Sordo es una producción de La Caña Brothers, adaptación del cómic homónimo español sobre los maquis, escrito por Rayco Pulido y David Muñoz, que recibió el premio nacional del cómic en 2017. Se trata del segundo largometraje de su director, Alfonso Cortés-Cavanillas, tras Los días no vividos, con Javier Godino, Asier Etxeandía e Ingrid Rubio. Etxeandía repite en Sordo, encabezando un elenco tan importante como irregular.


Intervienen en la película Hugo Silva -apenas reconocible entre la gorra y la barba, sus heridas y la poca luz de sus secuencias-, Marian Álvarez -Goya en 2014 a la mejor interpretación por La herida-, Aitor Luna -poco creíble en su papel de despiadado capitán franquista-, Imanol (Alcántara) Arias -con un papel afortunadamente corto y siempre acompañado por el actor Jorge Basanta, ‘Cuco’ Santos en la serie de TV Cuéntame y ‘Franquito’ en esta película-.


También son protagonistas de Sordo la actriz rumana Olimpia Melinte -Goya a la mejor actriz revelación en 2014 por Caníbal, de Manuel Martín Cuenca, como la sanguinaria francotiradora rusa-; y los grandes actores Manuel de Blas y Antonio Dechent, que solamente aparecen en una secuencia instrumental para calibrar la maldad del personaje de Melinte.


Sordo cuenta la historia de una grave pifia, cuando, tras la guerra civil, un comando republicano se infiltra en España para volar un puente pero les estalla en mitad de la instalación de los explosivos, matando a parte del comando e hiriendo al resto, entre ellos al protagonista que, a partir de ese momento, no puede oír y se las tiene que arreglar para sobrevivir por unos montes llenos de enemigos y alimañas.


El espíritu del cómic está muy arraigado en la película, rodada íntegramente en la zona de Campoo y pantano del Ebro, mostrando escenas de gran poderío técnico y fotográfico, pero descuidando la calidad de las interpretaciones, así como la profundidad y recorrido de los personajes.

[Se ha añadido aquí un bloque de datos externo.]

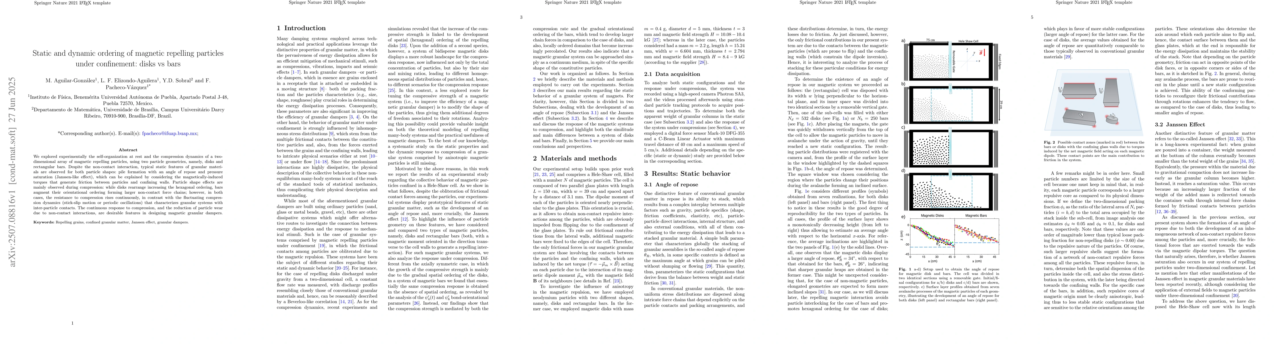 We explored experimentally the self-organization at rest and the compression dynamics of a two-dimensional array of magnetic repelling particles, using two particle geometries, namely, disks and rectangular bars. Despite the non-contact interaction, typical static features of granular materials are observed for both particle shapes: pile formation with an angle of repose and pressure saturation (Janssen-like effect), which can be explained by considering the magnetically-induced torques that generate friction between particles and confining walls. Particle shape effects are mainly observed during compression: while disks rearrange increasing the hexagonal ordering, bars augment their orientational ordering forming larger non-contact force chains; however, in both cases, the resistance to compression rises continuously, in contrast with the fluctuating compression dynamics (stick-slip motion or periodic oscillations) that characterizes granular systems with inter-particle contacts. The continuous response to compression, and the reduction of particle wear due to non-contact interactions, are desirable features in designing magnetic granular dampers.
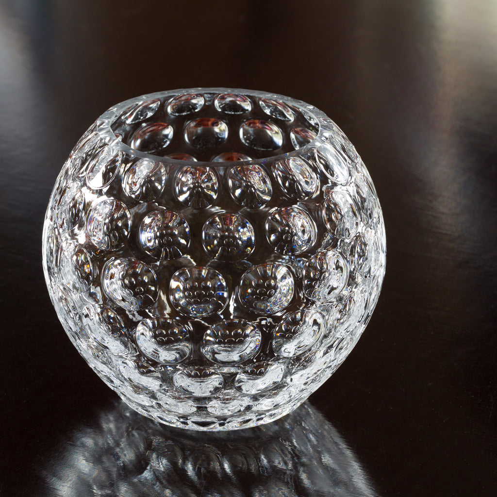 Hochwertige Vase aus dickwandigem Klarglas mit farbigem Unterfang, aus traditionsreicher Glasbläserei in Böhmen in alter Römertechnik am Ofen mundgeblasen. Zusatzfunktion: Verschiedene Varianten zaubern mit ornamentalem Kreisdekor als Windlicht märchenhafte Reflexionen in nächtliche Stimmung.
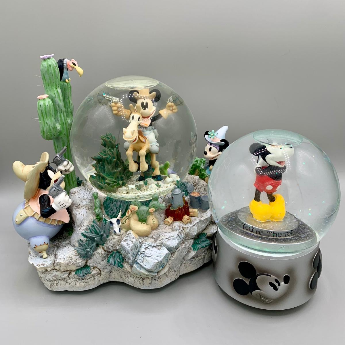 LOT 182 B: Disney Cowboy Mickey Tune "Home On The Range" & Mickey Mouse Tune "Mickey Mouse March" Musical Snowglobes
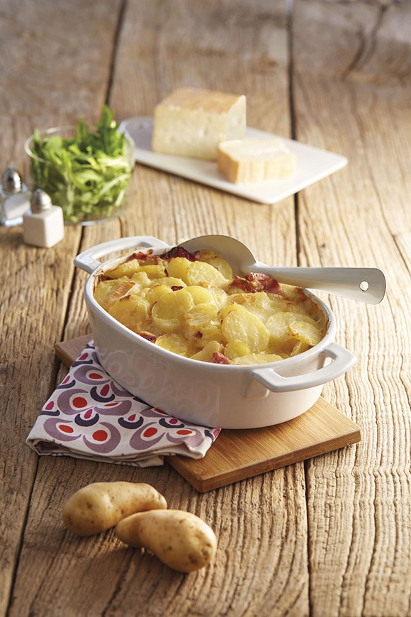 ③• DÉPOSEZ dans un plat à gratin une couche de Ratte du Touquet aux lardons et disposez au-dessus les tranches de Maroilles.

Resulta curioso que una escena corta, de apenas tres minutos (e interpretada por Ruth Díaz, Jaime Martín -que es también director de producción- y el propio Etxeandía), contenga la mayor profundidad y recorrido de personajes de la misma, ya que todos los demás suelen ser planos y de una pieza, con la única leve salvedad de las relación sentimental entre los componentes del trío protagonista.


Sordo es una película que está contada hacia fuera, cuando el infierno interior del protagonista debiera ser el que cobrara mayor trascendencia, lo que la convierte en un western de acción -no por casualidad el capitán franquista porta un rifle Winchester-, ligeramente entretenida y ampliamente desaprovechada.